* [DESCRIPTION OF THE TASK] Give back the records in their entirety, exactly.

Start of Block

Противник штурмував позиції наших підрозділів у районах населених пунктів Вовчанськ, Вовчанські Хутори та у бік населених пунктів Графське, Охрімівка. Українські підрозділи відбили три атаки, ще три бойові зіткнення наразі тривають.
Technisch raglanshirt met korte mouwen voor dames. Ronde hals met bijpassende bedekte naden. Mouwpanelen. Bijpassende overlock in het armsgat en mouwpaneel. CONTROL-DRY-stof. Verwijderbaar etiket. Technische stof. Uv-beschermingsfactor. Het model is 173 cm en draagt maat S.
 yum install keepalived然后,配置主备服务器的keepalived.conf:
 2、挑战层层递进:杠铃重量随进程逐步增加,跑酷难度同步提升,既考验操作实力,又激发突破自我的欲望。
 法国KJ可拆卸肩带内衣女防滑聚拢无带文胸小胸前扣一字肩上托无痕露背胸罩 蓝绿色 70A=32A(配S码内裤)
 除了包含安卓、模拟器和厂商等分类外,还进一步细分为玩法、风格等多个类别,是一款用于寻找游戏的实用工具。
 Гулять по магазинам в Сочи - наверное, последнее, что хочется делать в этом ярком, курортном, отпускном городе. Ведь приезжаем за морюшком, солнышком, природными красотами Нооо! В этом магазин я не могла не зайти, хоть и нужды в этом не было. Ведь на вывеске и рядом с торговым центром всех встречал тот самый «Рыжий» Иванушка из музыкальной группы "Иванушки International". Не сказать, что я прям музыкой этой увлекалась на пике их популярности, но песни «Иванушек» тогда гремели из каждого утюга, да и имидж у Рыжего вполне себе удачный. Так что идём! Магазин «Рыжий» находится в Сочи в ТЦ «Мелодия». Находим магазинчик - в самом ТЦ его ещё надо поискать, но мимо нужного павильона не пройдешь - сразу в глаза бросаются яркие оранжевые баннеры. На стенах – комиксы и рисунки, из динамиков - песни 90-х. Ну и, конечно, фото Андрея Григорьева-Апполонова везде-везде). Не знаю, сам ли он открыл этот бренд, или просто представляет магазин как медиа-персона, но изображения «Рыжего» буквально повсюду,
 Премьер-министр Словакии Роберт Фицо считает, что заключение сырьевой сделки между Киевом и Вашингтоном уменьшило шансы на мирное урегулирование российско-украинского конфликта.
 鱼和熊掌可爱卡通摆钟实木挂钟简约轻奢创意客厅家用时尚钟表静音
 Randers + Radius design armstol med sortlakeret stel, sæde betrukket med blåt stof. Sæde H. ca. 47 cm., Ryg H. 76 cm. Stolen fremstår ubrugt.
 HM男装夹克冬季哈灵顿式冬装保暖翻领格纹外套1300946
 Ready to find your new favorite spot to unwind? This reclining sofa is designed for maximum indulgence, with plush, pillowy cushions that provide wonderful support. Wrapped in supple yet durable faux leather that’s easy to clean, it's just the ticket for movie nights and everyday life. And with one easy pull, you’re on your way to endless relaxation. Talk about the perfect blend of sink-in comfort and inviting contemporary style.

End of Block

* [ANSWER AREA]
Противник штурмував позиції наших підрозділів у районах населених пунктів Вовчанськ, Вовчанські Хутори та у бік населених пунктів Графське, Охрімівка. Українські підрозділи відбили три атаки, ще три бойові зіткнення наразі тривають.
Technisch raglanshirt met korte mouwen voor dames. Ronde hals met bijpassende bedekte naden. Mouwpanelen. Bijpassende overlock in het armsgat en mouwpaneel. CONTROL-DRY-stof. Verwijderbaar etiket. Technische stof. Uv-beschermingsfactor. Het model is 173 cm en draagt maat S.
 yum install keepalived然后,配置主备服务器的keepalived.conf:
 2、挑战层层递进:杠铃重量随进程逐步增加,跑酷难度同步提升,既考验操作实力,又激发突破自我的欲望。
 法国KJ可拆卸肩带内衣女防滑聚拢无带文胸小胸前扣一字肩上托无痕露背胸罩 蓝绿色 70A=32A(配S码内裤)
 除了包含安卓、模拟器和厂商等分类外,还进一步细分为玩法、风格等多个类别,是一款用于寻找游戏的实用工具。
 Гулять по магазинам в Сочи - наверное, последнее, что хочется делать в этом ярком, курортном, отпускном городе. Ведь приезжаем за морюшком, солнышком, природными красотами Нооо! В этом магазин я не могла не зайти, хоть и нужды в этом не было. Ведь на вывеске и рядом с торговым центром всех встречал тот самый «Рыжий» Иванушка из музыкальной группы "Иванушки International". Не сказать, что я прям музыкой этой увлекалась на пике их популярности, но песни «Иванушек» тогда гремели из каждого утюга, да и имидж у Рыжего вполне себе удачный. Так что идём! Магазин «Рыжий» находится в Сочи в ТЦ «Мелодия». Находим магазинчик - в самом ТЦ его ещё надо поискать, но мимо нужного павильона не пройдешь - сразу в глаза бросаются яркие оранжевые баннеры. На стенах – комиксы и рисунки, из динамиков - песни 90-х. Ну и, конечно, фото Андрея Григорьева-Апполонова везде-везде). Не знаю, сам ли он открыл этот бренд, или просто представляет магазин как медиа-персона, но изображения «Рыжего» буквально повсюду,
 Премьер-министр Словакии Роберт Фицо считает, что заключение сырьевой сделки между Киевом и Вашингтоном уменьшило шансы на мирное урегулирование российско-украинского конфликта.
 鱼和熊掌可爱卡通摆钟实木挂钟简约轻奢创意客厅家用时尚钟表静音
 Randers + Radius design armstol med sortlakeret stel, sæde betrukket med blåt stof. Sæde H. ca. 47 cm., Ryg H. 76 cm. Stolen fremstår ubrugt.
 HM男装夹克冬季哈灵顿式冬装保暖翻领格纹外套1300946
 Ready to find your new favorite spot to unwind? This reclining sofa is designed for maximum indulgence, with plush, pillowy cushions that provide wonderful support. Wrapped in supple yet durable faux leather that’s easy to clean, it's just the ticket for movie nights and everyday life. And with one easy pull, you’re on your way to endless relaxation. Talk about the perfect blend of sink-in comfort and inviting contemporary style.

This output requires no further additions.